Enterprises should ask themselves a few questions when adopting cybersecurity products to ensure the security of IoT devices.
Businesses can face huge challenges in achieving security when building IoT solutions. Suffice it to say, enterprise adoption of cloud platforms for protection solutions is nothing new, and there are many well-established practices and support frameworks that can help enterprises implement the right thing. When it comes to hardware, embedded IoT devices that will eventually connect to public networks are still uncharted territory for most.
The following will explore a few questions enterprises should ask themselves when adopting IoT devices, and provide some answers to help them make IoT devices as secure as possible.
When businesses authenticate individuals against a website or any form of online service, they often rely on multi-factor authentication (MFA) to avoid impersonation and identity theft. Multi-factor authentication effectively makes it impossible for cyber attackers to fake their online identities, as they may not have all the evidence needed to authenticate to said website or service.
For example, a cyber attacker may already know a user's passcode and even steal their phone, but they don't know the 6-digit passcode set on the phone, nor will they have access to fingerprints.
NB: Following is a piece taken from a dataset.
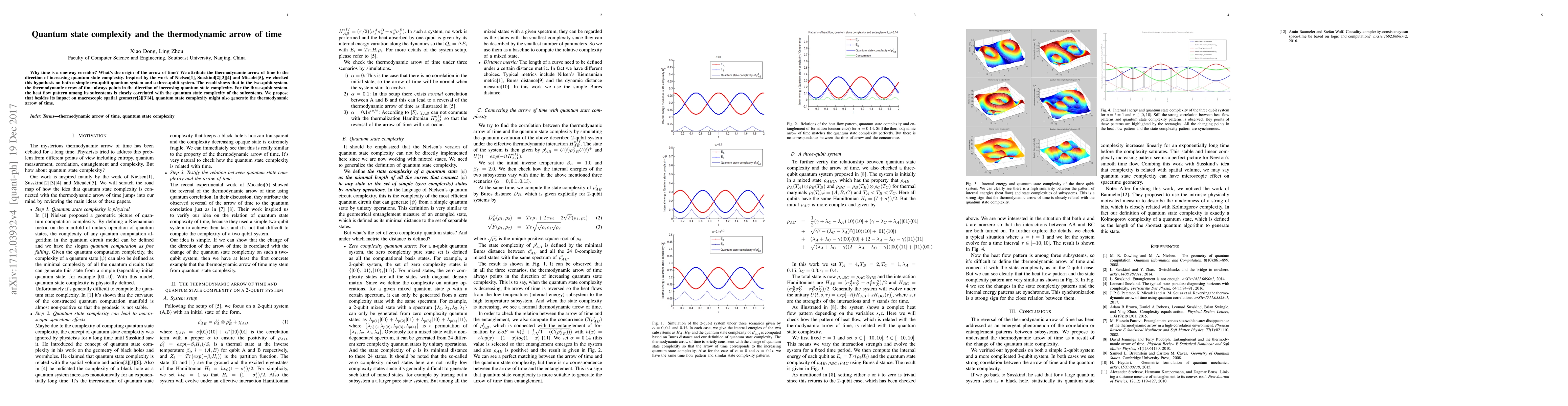 This paper investigates the thermodynamic arrow of time, proposing that it correlates with the direction of increasing quantum state complexity. Experiments on two and three qubit quantum systems support this hypothesis, especially in the latter where heat flow patterns among subsystems are linked to quantum state complexity, suggesting that this complexity may also generate the thermodynamic arrow of time.

In short: they will not be able to complete the login process and impersonate the user.
So is it possible to implement a similar mechanism to prevent identity theft of IoT devices? The answer is to use specialized hardware, such as a Trusted Platform Module (TPM). In short, such devices possess hardware-protected encryption keys. The private key, once stored in the module, never leaves the module, and the public key is then used to prove the identity of the device. Since the key cannot be forged, impersonating the device is effectively equivalent to gaining physical access to it, which of course creates other security issues.
Trusted Computing Base (TCB) refers to hardware, firmware, and software components critical to system security. Every aspect of an IoT device, from the aforementioned Trusted Platform Module (TPM) to its operating system (possibly real-time) kernel, will play a role in ensuring the overall security of the system.
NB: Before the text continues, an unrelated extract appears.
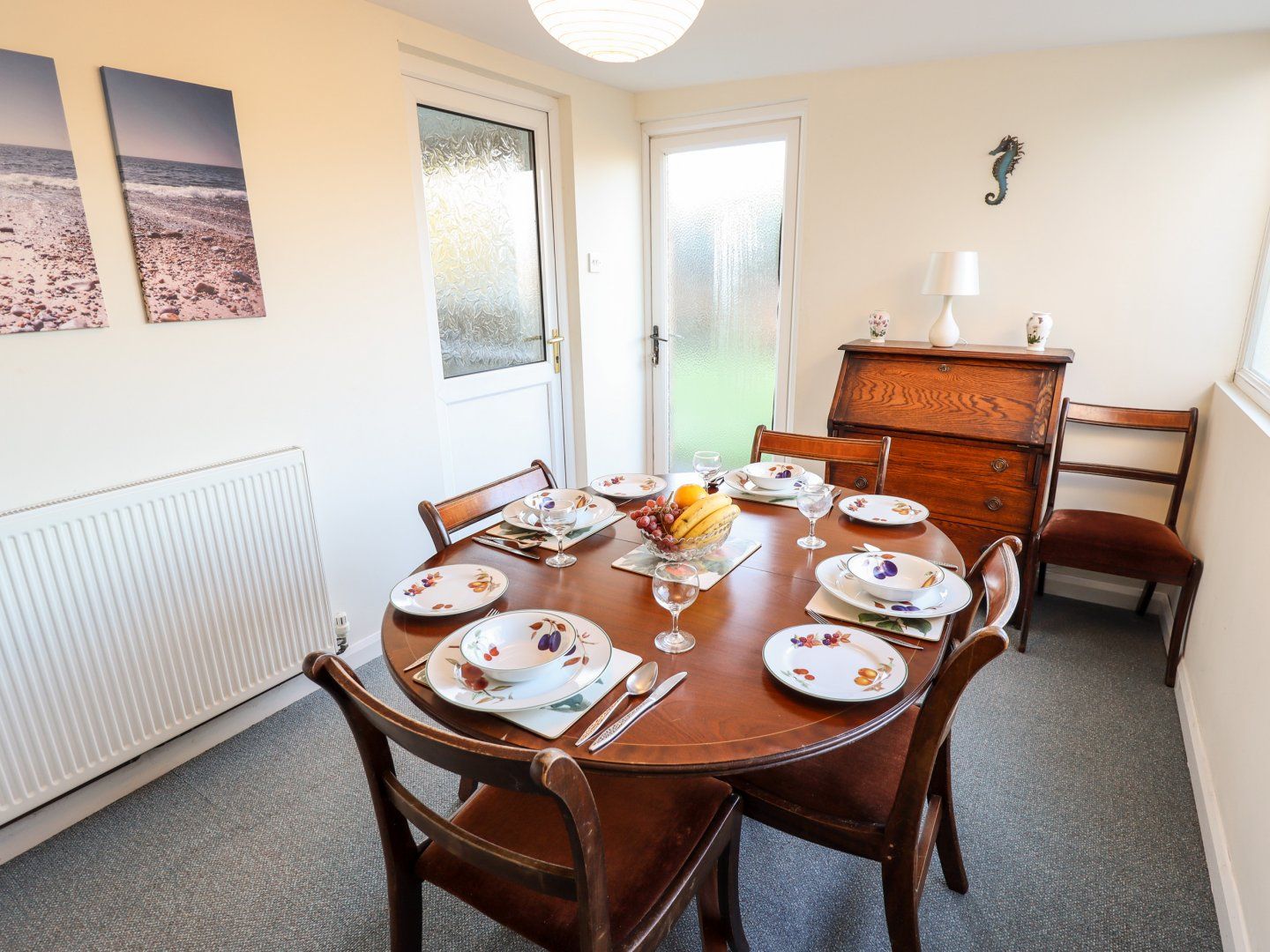 Amenities Gas central heating. Electric oven, gas hob, microwave, fridge/freezer, washing machine, dishwasher. Smart TV, WiFi. Fuel and power inc. in rent. Bed linen and towels inc. in rent. Travel cot and highchair available on request. Private driveway for 1 car, along with ample roadside parking. Front lawn, enclosed rear garden with lawn, patio, and furniture. One well-behaved dog welcome. Sorry, no smoking. Shop 1.2 miles, pub 0.3 miles, beach 500 metres. Note: The front garden is not enclosed. Note: The sofa bed in the sitting room sleeps one additional guest

When designing IoT devices, it must be kept in mind that the trusted computing base should be as small as possible. This way, the attack surface is minimized and errors or risks in the Trusted Computing Base (TCB) are reduced, allowing cyber attackers to bypass security protections and deploy malicious payloads that, for example, allow them to steal valuable business data.
If you can, try to build an operating system or real-time operating system that only allows the enterprise to release and enable the features that are really needed. Regardless, an enterprise's application code should run outside of the Trusted Computing Base (TCB) so that it can function without compromising security.
There are many reasons why IoT devices may fail. For example, it could be due to cyber attackers trying to take control of it by exploiting a vulnerability or attempting to brute force passwords. It could also simply be that the device has encountered a corner case and switched to an indeterminate state leaving it vulnerable.
Whatever the reason, it is critical to track these devices' failures so that they can not only be diagnosed and corrected, but potential attack vectors can be isolated and mitigated before they can be effectively exploited.
There are also solutions to help report bugs. Azure Security Center for IoT and its associated open-source agent is a great example of how to automatically collect and log events such as failed login attempts or connections from unusual IP addresses.